▸ **Work item**
Each line of the listing, apart from the pictures, is to be printed exactly.

▸ **Information given**
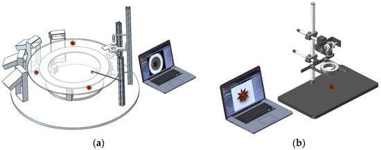 Experimental collection equipment: (a) glass turntable collection device; (b) high-resolution camera.
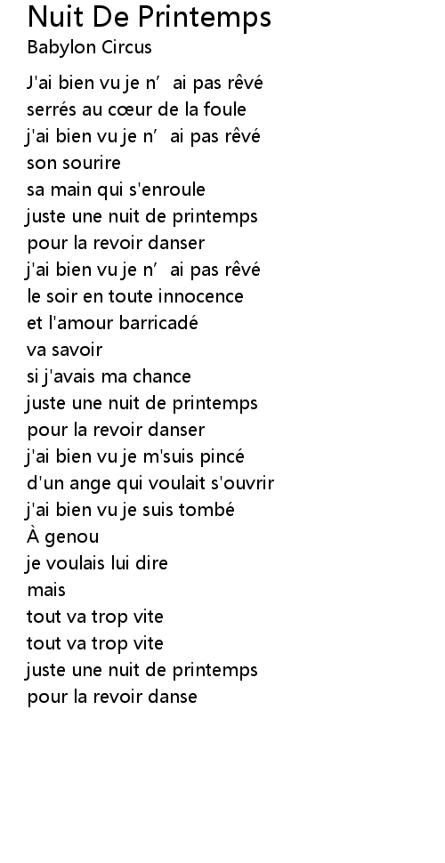 | Song | Nuit De Printemps |
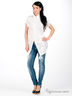 Детали: отложной воротник-стойка, короткие рукава, застегивается на перламутровые пуговицы со стразами, сзади талия украшена серебристой цепочкой со стразами, низ присборен на кулиску
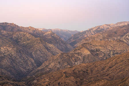A super panoramic view of a huge rocky mountains during a sunset with copy space and a clear blue sky
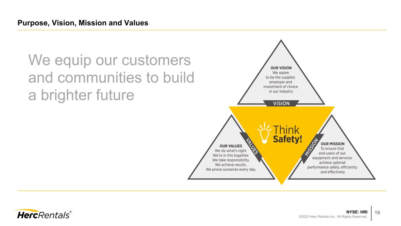 NYSE: HRI ©2023 Herc Rentals Inc. All Rights Reserved. 18 Reaffirming 2023 Guidance Key Assumptions: • Net rental equipment expenditures now expected at low end of guidance • Fleet disposals of $700 million or more at OEC; used equipment market remains historically strong • No recovery of studio entertainment business expected in 2023 • Above-market revenue growth on strong project pipeline, geographic expansion, cross-selling, and accelerating opportunities from megaprojects, federal infrastructure funding • Disciplined focus supports YoY pricing improvements; 2H:23 rate growth mid-single digits • Continued focus on operating leverage to improve margins • REBITDA Flow Through in 50%-60% range • Interest expense rises to reflect Fed rate increases and continued M&A funding • Tax rate ~25% Metric 2022 Actual 2023 Guidance % Change over 2022 Adjusted EBITDA $1,227 million $1.45 billion to $1.55 billion 18% to 26% Net Rental Equipment Expenditures $1,047 million $1.0 billion to $1.2 billion (4)% to 15%

▸ **Response below**
 Experimental collection equipment: (a) glass turntable collection device; (b) high-resolution camera.
 | Song | Nuit De Printemps |
 Детали: отложной воротник-стойка, короткие рукава, застегивается на перламутровые пуговицы со стразами, сзади талия украшена серебристой цепочкой со стразами, низ присборен на кулиску
A super panoramic view of a huge rocky mountains during a sunset with copy space and a clear blue sky
 NYSE: HRI ©2023 Herc Rentals Inc. All Rights Reserved. 18 Reaffirming 2023 Guidance Key Assumptions: • Net rental equipment expenditures now expected at low end of guidance • Fleet disposals of $700 million or more at OEC; used equipment market remains historically strong • No recovery of studio entertainment business expected in 2023 • Above-market revenue growth on strong project pipeline, geographic expansion, cross-selling, and accelerating opportunities from megaprojects, federal infrastructure funding • Disciplined focus supports YoY pricing improvements; 2H:23 rate growth mid-single digits • Continued focus on operating leverage to improve margins • REBITDA Flow Through in 50%-60% range • Interest expense rises to reflect Fed rate increases and continued M&A funding • Tax rate ~25% Metric 2022 Actual 2023 Guidance % Change over 2022 Adjusted EBITDA $1,227 million $1.45 billion to $1.55 billion 18% to 26% Net Rental Equipment Expenditures $1,047 million $1.0 billion to $1.2 billion (4)% to 15%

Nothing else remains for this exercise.